Atlasian — March 11, 2026. Atlassian cut about 1,600 jobs, or 10% of its workforce, to “rebalance” its AI and enterprise sales, even as its stock price rose nearly 2% on the news. CEO Mike Cannon-Brookes said: “Our approach is not that ‘AI replaces people,’ but it would be disingenuous to claim that AI doesn’t change the mix of skills we need or the number of roles we need in a particular area. It does.”

dell — January 30 (released March 2026). Dell’s overall workforce will decline by about 10% in fiscal 2026, by about 11,000 jobs, to about 97,000 from 108,000 the year before, and it has spent $569 million on severance pay. The cuts come as Dell expects AI-optimized server revenue to double in fiscal 2027.
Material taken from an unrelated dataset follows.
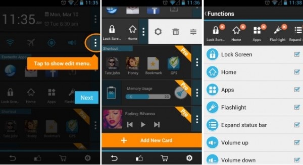 هر کدام از این موارد یک کارت (Card) نام دارند و امکان افزودن و یا حذف آنها به راحتی فراهم خواهد بود. با اینکه اکثر این کارتها بر روی دستگاههای روت نشده کار میکنند اما برخی از آنها نظیر میانبرهای عملی هوماسکرین نیاز به روت دارند.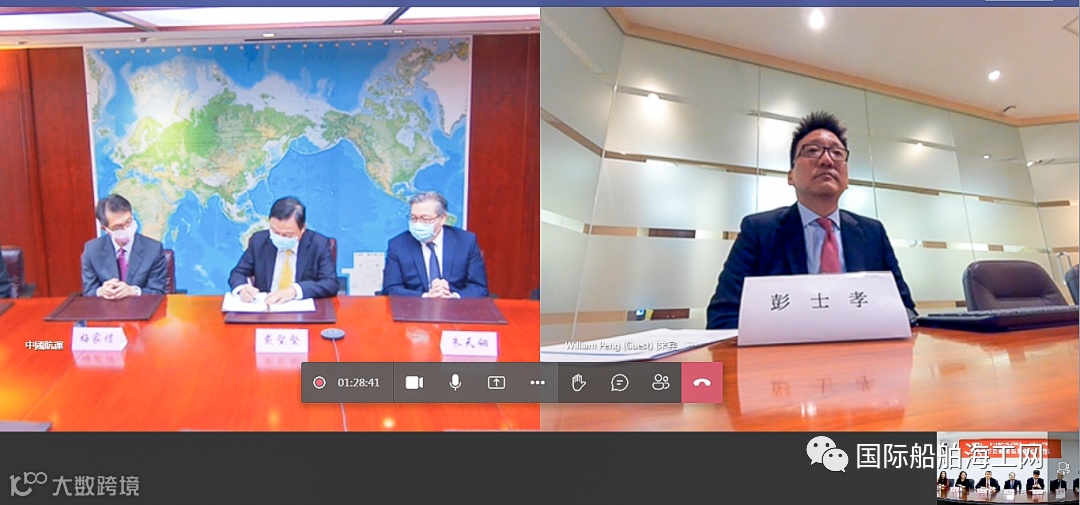 中国航运股份有限公司总经理戴圣坚、中国船舶工业贸易有限公司亚太部总经理阳宇和北船重工总经理谷克超共同签署了建造合同,中国航运股份有限公司董事长彭士孝,执行副总经理梅家礼,副总经理朱天翎,中国船舶工业贸易有限公司亚太部副总经理张民,北船重工党委书记、董事长王国海等出席了仪式。

trust — March 5-31, 2026. As mentioned above, Oracle began informing employees via terminal emails that they would be laying off thousands of employees. The cuts come despite Oracle reporting quarterly net income of $3.7 billion, up 27% year-over-year, and remaining performance obligations up 325% to $553 billion. The savings were translated into AI data centers. A total of 21,000 cuts will be made over the next 12 months, as Oracle disclosed in its June 22 annual report.

block — February 26-27, 2026. Jack Dorsey’s Block laid off 4,000 employees. This reduced the number of employees from more than 10,000 to less than 6,000. Dorsey wrote about X: “We’re already seeing that the intelligence tools we create and use, along with smaller, flatter teams, are enabling new ways of working that fundamentally change what it means to build and run a company.” He added, “It seems like most companies are late,” and “Within next year, most companies will reach the same conclusion and make similar structural changes.”

Salesforce — February 10, 2026. Salesforce laid off less than 1,000 employees across its marketing, product management, data analytics, and Agentforce AI departments. “The benefits and efficiencies of Agentforce have reduced the number of support cases we handle and we no longer need to actively fill support engineer roles,” the company told Fortune. This follows a previous cut of around 4,000 customer support roles, reducing the team from around 9,000 to 5,000. CEO Marc Benioff said the company would need “fewer people” because AI agents would handle the work.

Amazon — January 28, 2026. Amazon cut 16,000 corporate jobs, following a 14,000 job cut in October 2025. This represents approximately 9% of the company’s workforce in three months. The company said this was part of “strengthening the organization by reducing layers, increasing ownership and eliminating bureaucracy.” CEO Andy Jassy said in June 2025, “As we roll out more generative AI and agents, the way work gets done will have to change. There will be fewer people doing some of the tasks we do today. In the next few years, we expect the overall enterprise workforce to shrink as we gain efficiencies through the widespread use of AI across the company.”